- Find ways to weave scrapbooking into your daily life. Scrapbooking tasks can be broken down into manageable chunks. Look through magazines for inspiration while sitting in a waiting room, or in the looping line at school, or at traffic lights (sorry, it was probably me at the front of the line when the light turned green). Draw up sketches while your kids swing, or do homework (nice together time), or eat lunch. Get out paints, or Play-Doh, or beads for the kids while you sit with them to create items for your page. Keep a notebook handy to jot down page ideas, inspiration, conversations, journaling, or anything else that comes to mind. If possible, keep layouts in progress out where you can walk by them several times throughout the day. Ideas sometimes spring up at the craziest moments. I also often start a layout at night, and finish it in the morning. I love the fresh set of eyes I can look with in the morning, and sometimes ideas come to me as I'm dozing off to sleep or in the shower.
- Scrapbooking does not have to be this great overwhelming task. You don't need to create a publishable work of art, with loads of handmade embellishments and intricate designs. Matching photos up with the stories they tell is about all it takes.
- I have realized that I will never be "caught up"; to accomplish that I would need to stop taking photos, and that's never gonna happen! So now I scrapbook whatever I feel like doing (I'm not a chronological scrapper). Sometimes I impose deadlines on myself (complete vacation album before next year's vacation), sometimes I scrapbook recent photos because nothing motivates like fresh pictures. But most often I grab a stack, thumb through them, jot down thoughts or feelings, and scrapbook a page to tell the story.
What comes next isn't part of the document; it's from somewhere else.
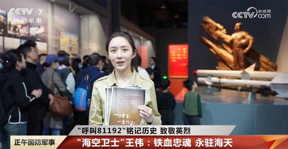 央視網(wǎng)消息:4月1日是“海空衛(wèi)士”王偉犧牲23周年紀(jì)念日,2001年4月1日,海軍航空兵飛行員王偉駕駛著戰(zhàn)機(jī)巡航在海天,突遭外機(jī)大轉(zhuǎn)向撞擊,飛機(jī)墜海,王偉壯烈犧牲。81192是王偉烈士生前所駕駛戰(zhàn)機(jī)的編號(hào),每年的4月1日,“81192”這組數(shù)字都會(huì)刷屏,大家會(huì)用呼喚“81192”返航的方式紀(jì)念英雄。為發(fā)揮愛國(guó)主義教育基地作用,引導(dǎo)青少年銘記海軍英雄,緬懷“??招l(wèi)士”王偉烈士,3月31日上午,海軍博物館開展“呼叫81192”主題活動(dòng),用特別的方式來向王偉烈士寄托哀思。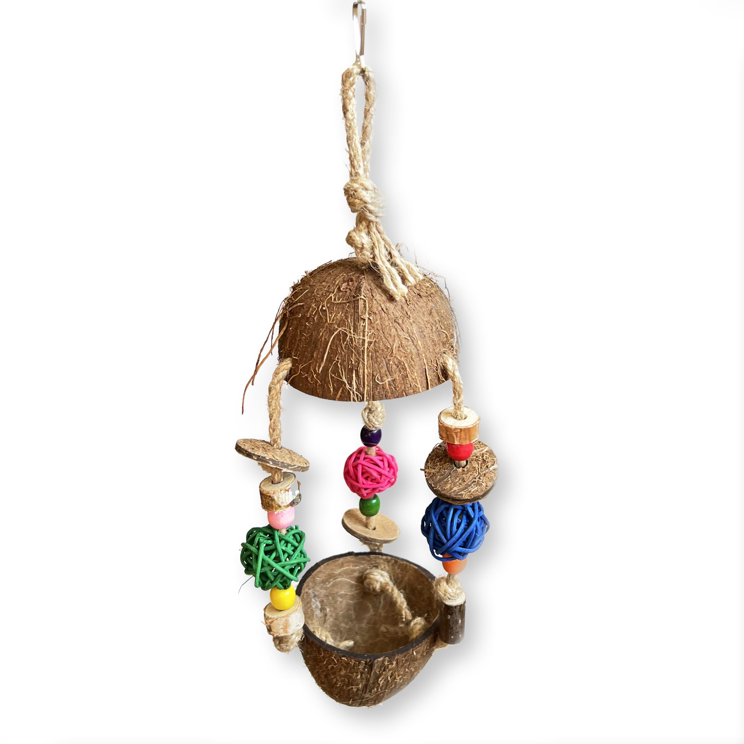 Цю іграшку можна назвати погризушкою, так як всі її складові (крім металевого гачка для кріплення до клітки) повністю натуральні і можна згризти! Ця Іграшка Годівничка із кокоса вбереже ваше майно від псування, і допоможе завжди бути у чудовій фізичній формі.

- In the words of Ali Edwards, "embrace imperfection" These two words have become my scrapbooking mantra. In 25 years, no one is going to analyze the color scheme you chose, or critique your writing with a red pen. What they will notice is the time and effort you took to tell the stories of those you love. Don't you wish you had an album of what you were like as a child? That's the important stuff of what you're creating.
- Use those supplies. For so long I would buy papers, stickers, embellishments, etc and then think they were "too good" to use on my layouts. I was a hoarder. And for what? Because you know what happened? I looked through all that cuteness and prettiness and realized it wasn't my taste anymore, or it looked dated. There will always be new papers, embellishments, etc coming out. Trends change so quickly, so use up what you bought while you still love it. Besides, nothing is as inspiring as new product. Next time you pick up new paper, force yourself to cut into it within a week. I find it very freeing to crack open a new paper pack, or peel off a new sticker. Once you do, it's no longer new and you'll have no excuses not to use up the rest.
- It's only paper. Cut it, tape it, paint it, create with it. If you mess up, you can just get more. And what really is a "mess up"? Most of the time, what you think of as a mess up can actually be used, either elsewhere on a layout, or in another project. Cards are perfect little projects to use up those tossed aside embellishments or miss-cut paper scraps.
Well, there it is: everything I know about scrapbooking from my little hands and into your brains. Don't tell me I never taughtcha anything ;)
1 comment:
Thanks Michelle- this is great and really helpful! I love that you added such a cool photo of yourself tyo the blog too! Keep inspiring us!